Instructions for the task
Repeat all of the data word for word so that only the pictures are missing from the copy.

Collected material
------------------------
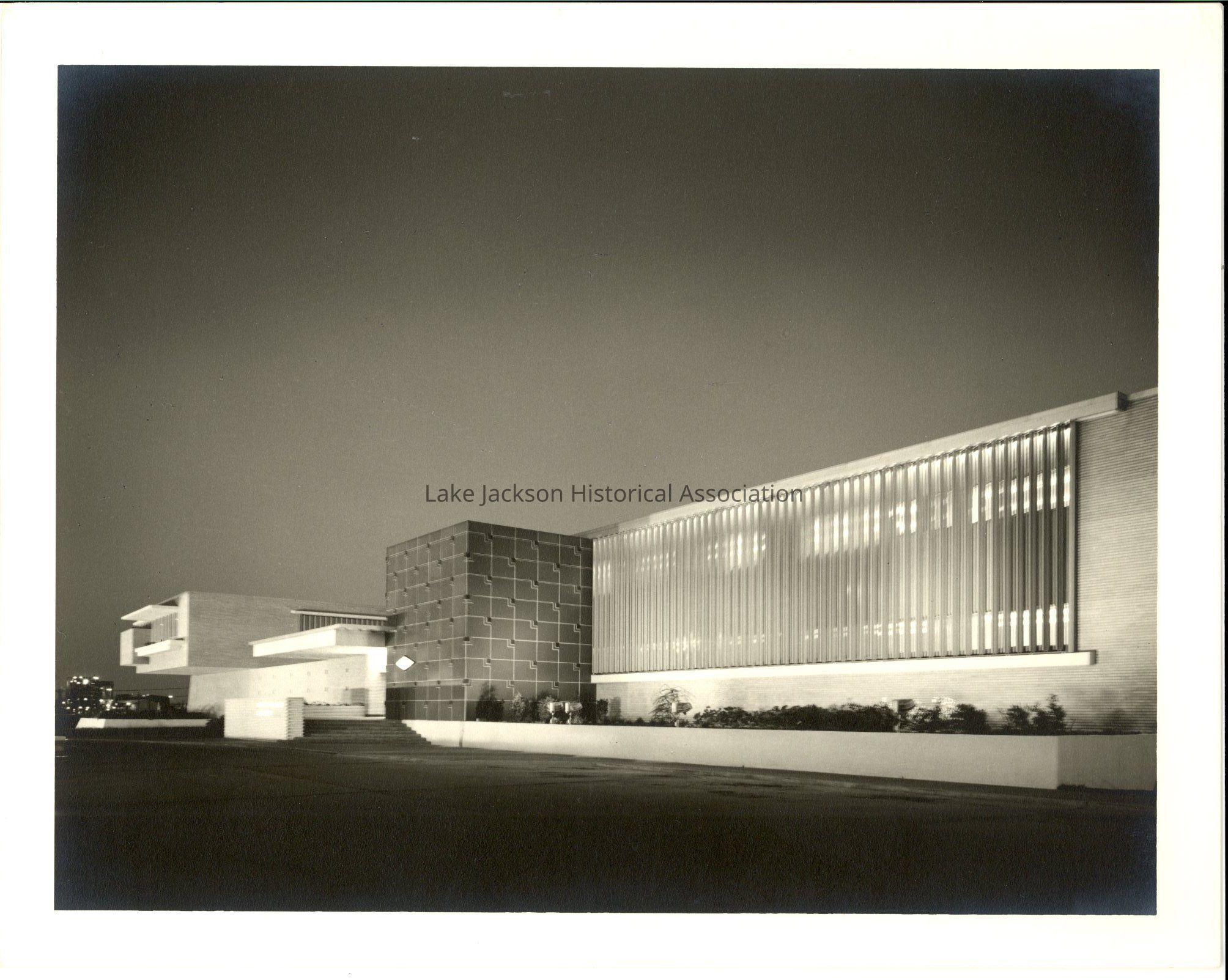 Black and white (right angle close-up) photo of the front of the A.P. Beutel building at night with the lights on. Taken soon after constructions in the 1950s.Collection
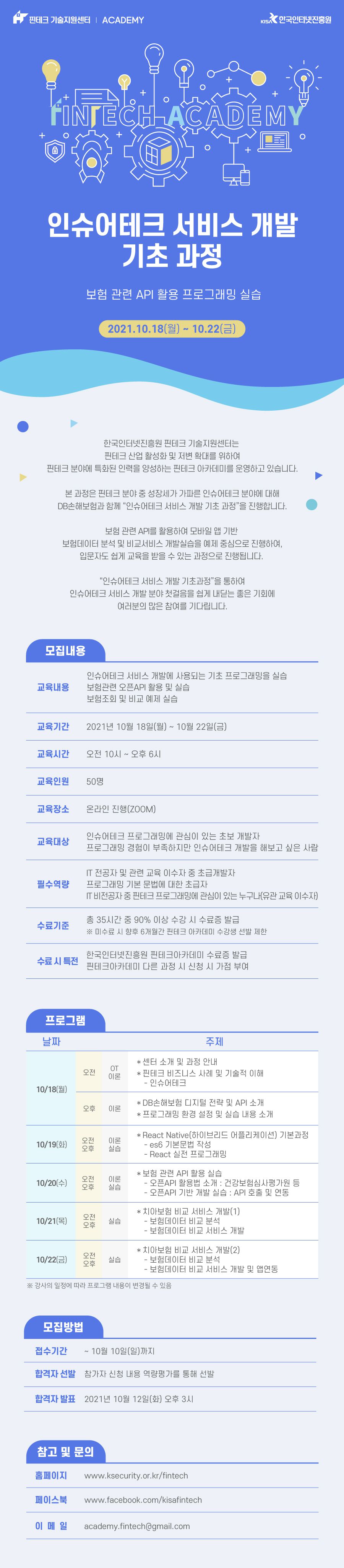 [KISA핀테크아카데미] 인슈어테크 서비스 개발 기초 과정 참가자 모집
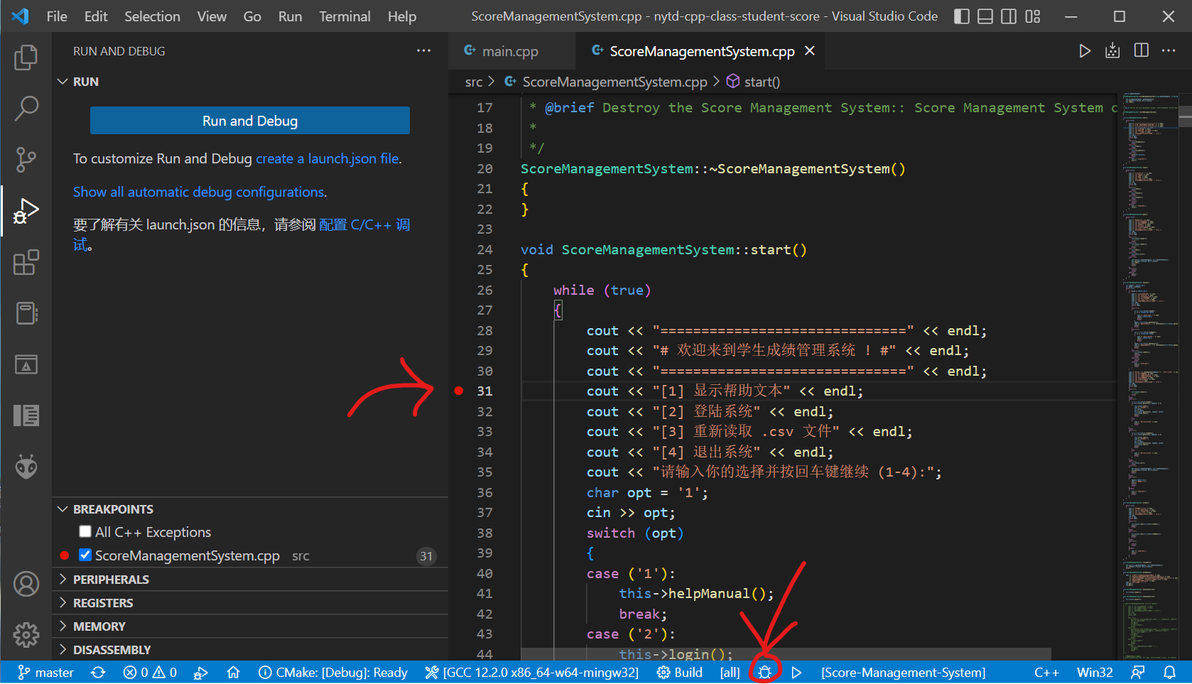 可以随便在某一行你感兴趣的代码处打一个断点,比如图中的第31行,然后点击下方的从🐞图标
------------------------
Solution
 Black and white (right angle close-up) photo of the front of the A.P. Beutel building at night with the lights on. Taken soon after constructions in the 1950s.Collection
 [KISA핀테크아카데미] 인슈어테크 서비스 개발 기초 과정 참가자 모집
 可以随便在某一行你感兴趣的代码处打一个断点,比如图中的第31行,然后点击下方的从🐞图标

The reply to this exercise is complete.